Michael Chaloner, the Heritage Concierge, is well up to the job. He jokes that he's been at Cliveden "forever". Michael explains, "Surprisingly the house has never been the principal seat of any of its owners. It's always been a holiday home if somewhat on a grand scale. When it was 'converted' to a hotel in 1985 barely any changes needed to be made.'

Cliveden

Some things really haven't changed. Sue Crowley, the Hotel Manager – actually the staff never refer to it as a "hotel" but rather "house" – comments, "All the food still comes up on trays from the cellar kitchen. This involves navigating four twists of the narrow staircase!"

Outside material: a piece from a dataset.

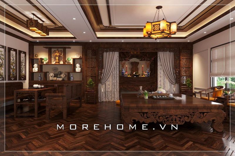Khi bước vào căn phòng thờ biệt thự sang trọng với nội thất gỗ óc chó cao cấp, người xem sẽ bị ngỡ ngàng trước vẻ đẹp của không gian.

The present house is an impossibly palatial affair erected in 1851 to the design of Sir Charles Barry for the 2nd Duke of Sutherland. This starchitect honed his penchant for all things Italianate 10 years earlier at the Reform Club in London before being let loose at Cliveden.

It's hard not to feel important, sitting on plumped up cushions in the Great Hall under the disdainful eye of Lady Astor in a Sargent portrait, while beyond a cordon a gaggle of National Trust visitors gawk and shuffle past (von Essen lease the building from the National Trust).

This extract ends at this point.